I am in the middle of moving out and possibly getting divorced. I am devastated. I really wish things could go back to the way things were before. I wish I had been enough and I wish he could see that I loved him so much but he was hurting me and my daughter.
I probably have Bpd. He has control/jealousy issues. The latest things that have triggered me are him saying that "all women cheat", that I have serious issues and that this is all my fault.
I really miss when he would see how after a fight he had said something that was out of line and apologize and we would work on getting better, now all I see is just resentment and hatred. It is really sad.

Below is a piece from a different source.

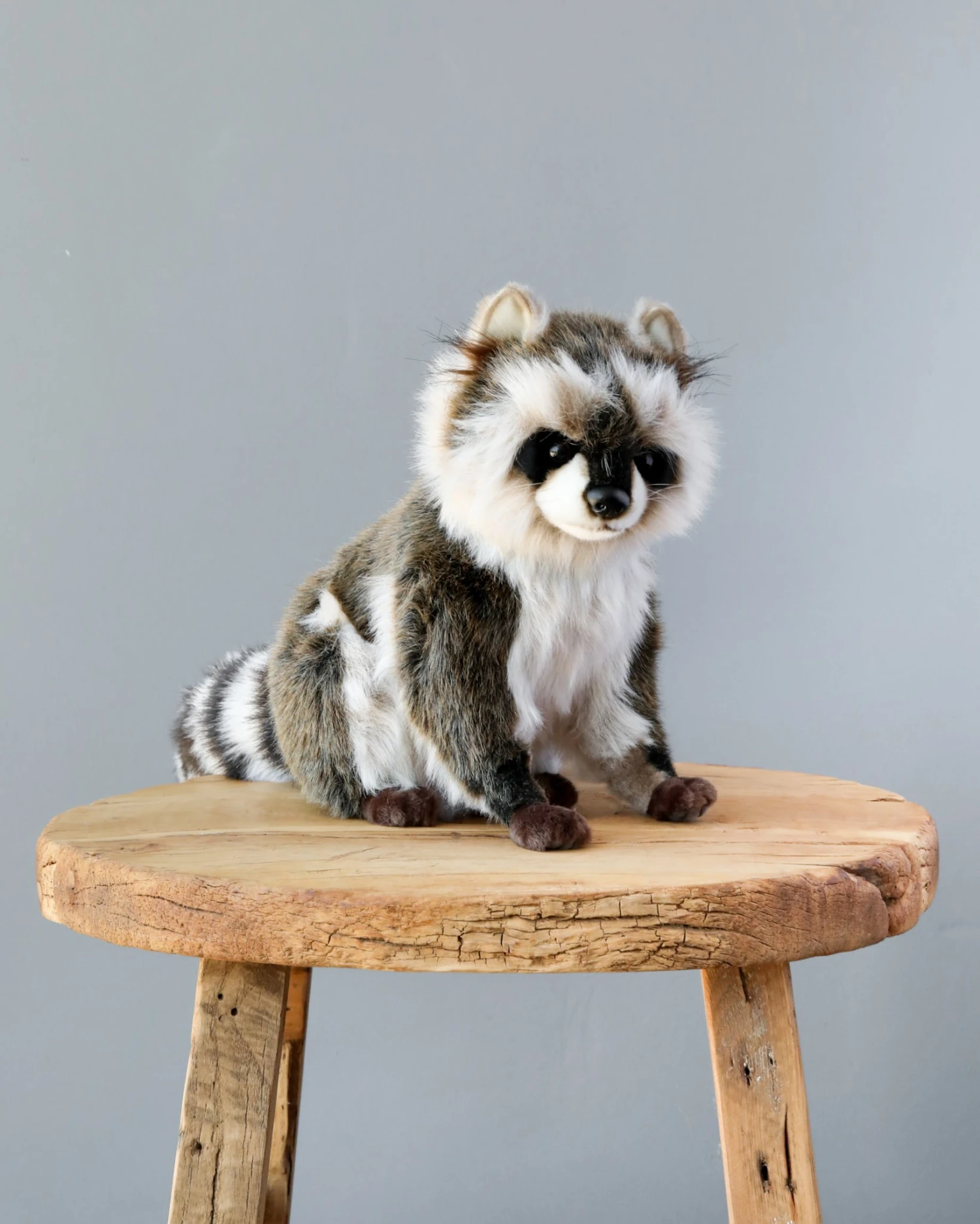 Artisans hand sew the animals “inside out”, an old world tradition that results in the mininization of seams, and their bodies are carefully “sculpted” to create “musculature” and “features” like movement in a walking or sitting position that are unique to each creature. On average, there are 42 separate pieces required to make each animal, that must be combined by a team of truly creative artists to create the distinctly realistic features that characterize HANSA animals. (Some animals have as many as 240 different parts!) Each animal is individually hand sewn, to give it a unique “personality”, there are more than 860 different fabrics and man-made furs from which the “coat” and “hides” are made, along with over 6000 sets of different eyes, whiskers, claws, noses, and related accessories allocated for creating these wonderful plush animals. Stuffing emphasizes careful attention to the placement of the highest quality man-made materials.

The thing I hate most about myself is not caring about my own self-worth. After he told me that there are no women who don't cheat (and for the record I have never cheated on him), and that all women are the same and he doesn't know a single good woman, I still wanted to kiss him and sleep with him.
He knows I am moving out and he accepts it and says now he just wants to satisfy his physical needs until I move out. I know I am torturing myself but I keep sleeping with him hoping he will miss me and want to work on this and I can't bear the thought of him really moving on and sleeping with someone else and telling them how horrible I was and how much happier they are now.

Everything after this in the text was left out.